▸ **Material provided**:
━━━━━━

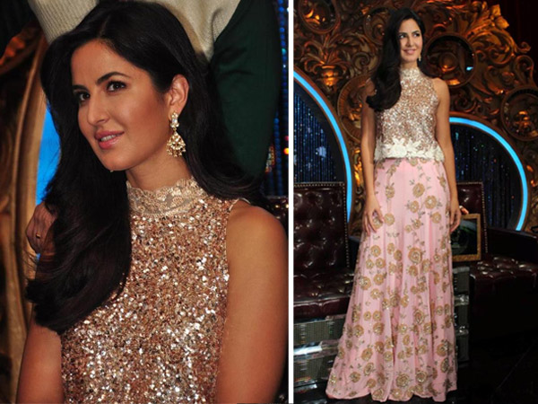 The actress donned a chic desi look for the appearance and glittered in a Manish Malhotra creation. Katrina Kaif wore a glittering sequinned top with a lehenga patterned long skirt both from Manish Malhotra for her appearance on the celebrity dance competition show.
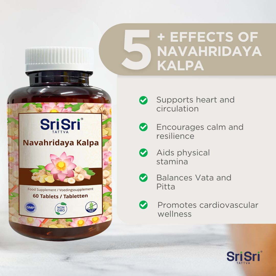 Navahridaya Kalpa is an ayurvedic proprietary formulation from Sri Sri Tattva. It is a perfect blend of 11 Ayurvedic herbs. The Navahridaya Kalpa tablets are made from the powder of authentic Ayurvedic Herbs.
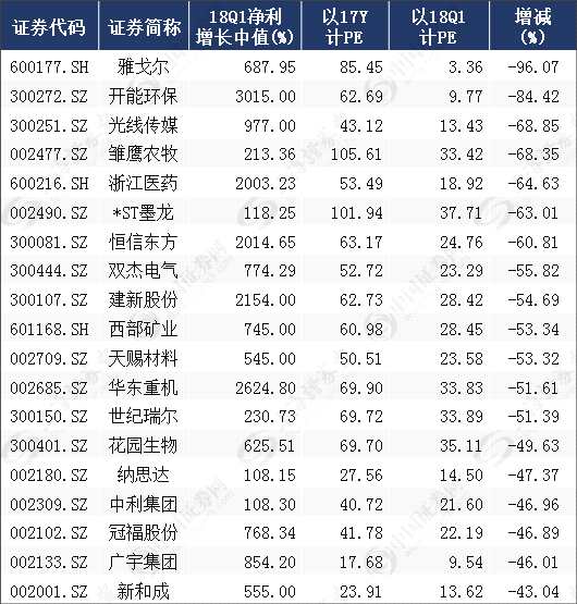 再把最新市盈率與以2017年全年凈利計(jì)算的靜態(tài)市盈率進(jìn)行比較,結(jié)果顯示,剔除市盈率為負(fù)公司后的1057只可比個(gè)股中,705只個(gè)股最新市盈率較靜態(tài)市盈率有不同程度地下滑,占比為66.70%。
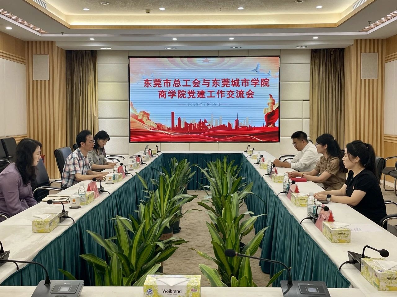 为进一步激活商学院党建工作活力,提升学院党建工作质量,构建“资源共享、优势互补、互相促进、共同提高”的党建工作新格局,9月15日上午,伟德官网商学院与东莞市总工会开展党建工作交流会。东莞市总工会机关支部副书记韩卓华、党廉办冯湘华、游瑞清,伟德官网商学院党总支书记李梦丹,党总支副书记惠梦瑶及学生党支部书记岳帅参加会议。会议中双方进行深入交流,气氛融洽,共同探索拓宽党建发展的“红色朋友圈”。
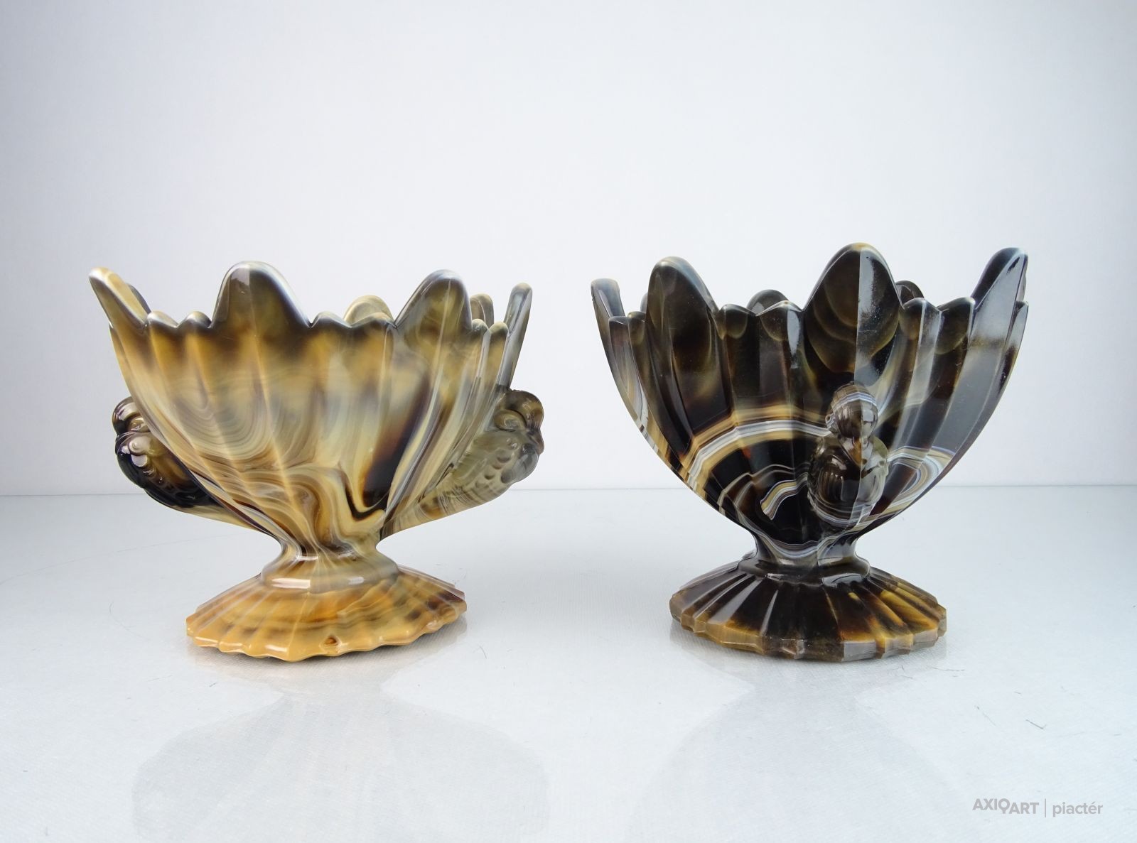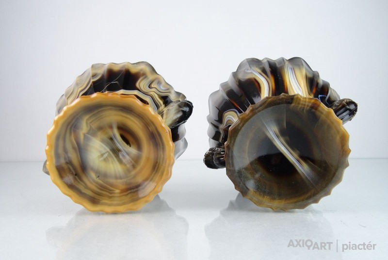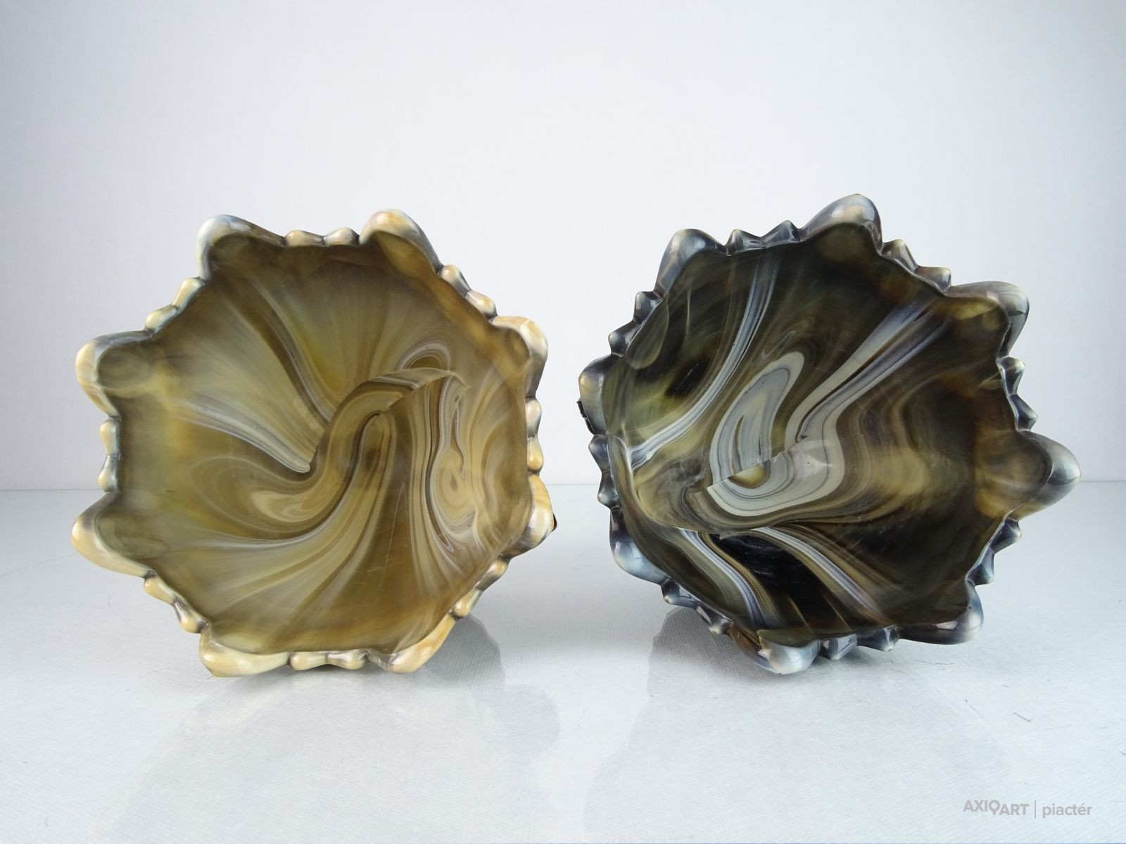 Antik, szép állapotú, talpon álló, márványszerű folyatott mintával díszített, két oldalán madaras kehely alakú asztali kínáló. STS ABEL üveg kínáló az 1930-as évekből.
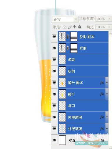 22、选中橙汁层,按住Ctrl键点击内层玻璃图层得到选区,按住Shift+Ctrl+I反选,Delete删除,取消选区。
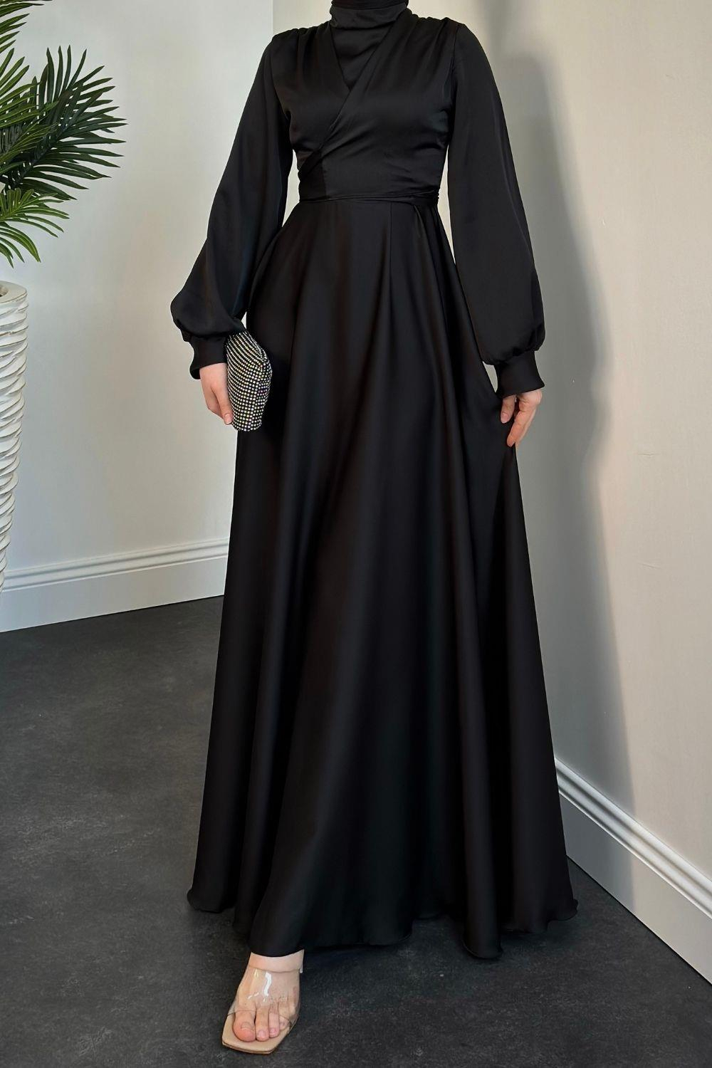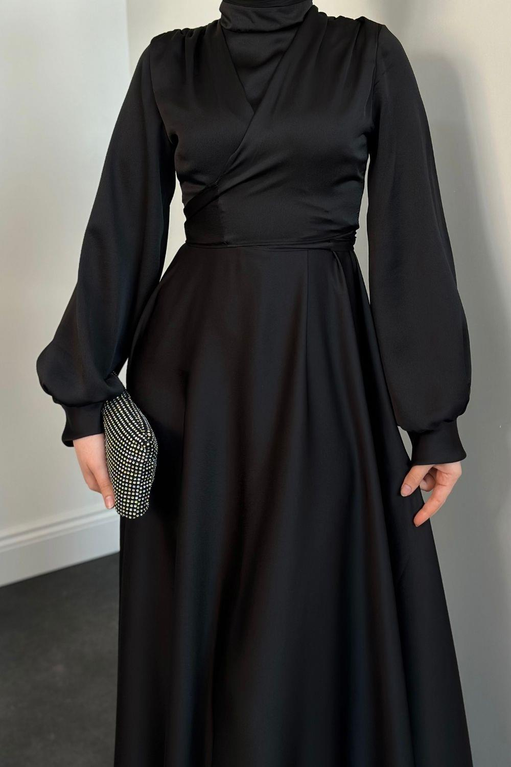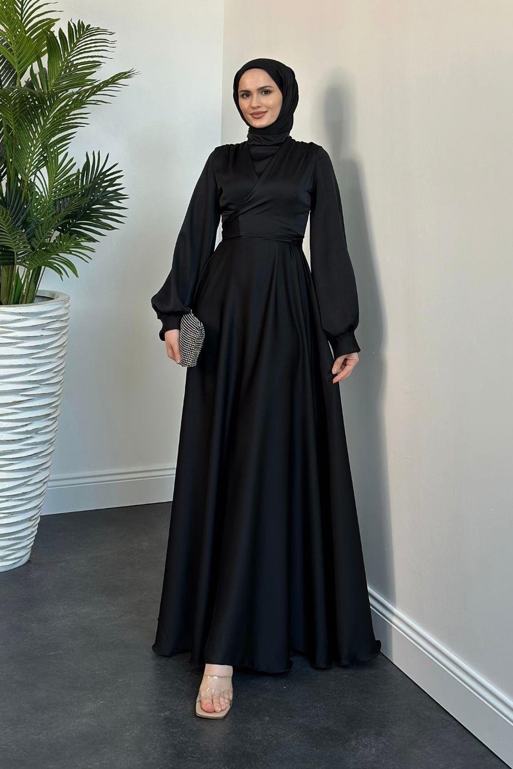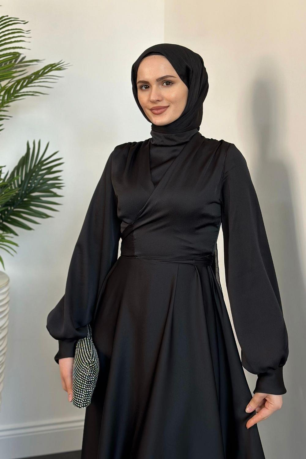 Isabella Kruvaze Detay Saten Abiye Siyah
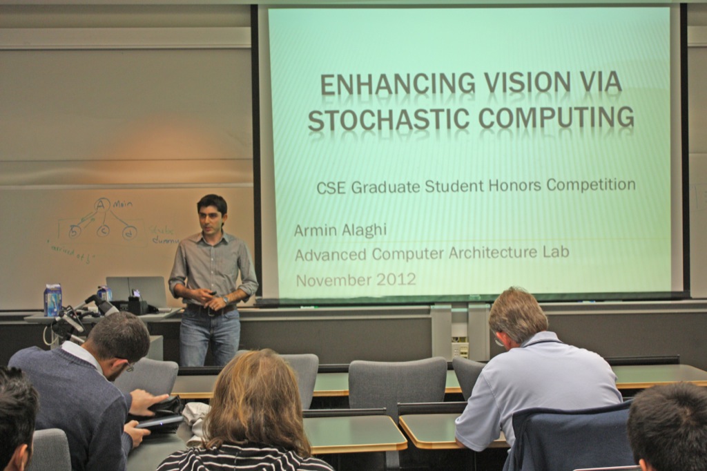Armin Alaghi: "Enhancing Vision via Stochastic Computing" (First Place). Advisor: John Hayes.

━━━━━━

▸ **The problem**: The listing above must be restated word for word. Its pictures are to be left out.

▸ **Exercise response**:
 The actress donned a chic desi look for the appearance and glittered in a Manish Malhotra creation. Katrina Kaif wore a glittering sequinned top with a lehenga patterned long skirt both from Manish Malhotra for her appearance on the celebrity dance competition show.
 Navahridaya Kalpa is an ayurvedic proprietary formulation from Sri Sri Tattva. It is a perfect blend of 11 Ayurvedic herbs. The Navahridaya Kalpa tablets are made from the powder of authentic Ayurvedic Herbs.
 再把最新市盈率與以2017年全年凈利計(jì)算的靜態(tài)市盈率進(jìn)行比較,結(jié)果顯示,剔除市盈率為負(fù)公司后的1057只可比個(gè)股中,705只個(gè)股最新市盈率較靜態(tài)市盈率有不同程度地下滑,占比為66.70%。
 为进一步激活商学院党建工作活力,提升学院党建工作质量,构建“资源共享、优势互补、互相促进、共同提高”的党建工作新格局,9月15日上午,伟德官网商学院与东莞市总工会开展党建工作交流会。东莞市总工会机关支部副书记韩卓华、党廉办冯湘华、游瑞清,伟德官网商学院党总支书记李梦丹,党总支副书记惠梦瑶及学生党支部书记岳帅参加会议。会议中双方进行深入交流,气氛融洽,共同探索拓宽党建发展的“红色朋友圈”。
 Antik, szép állapotú, talpon álló, márványszerű folyatott mintával díszített, két oldalán madaras kehely alakú asztali kínáló. STS ABEL üveg kínáló az 1930-as évekből.
 22、选中橙汁层,按住Ctrl键点击内层玻璃图层得到选区,按住Shift+Ctrl+I反选,Delete删除,取消选区。
 Isabella Kruvaze Detay Saten Abiye Siyah
Armin Alaghi: "Enhancing Vision via Stochastic Computing" (First Place). Advisor: John Hayes.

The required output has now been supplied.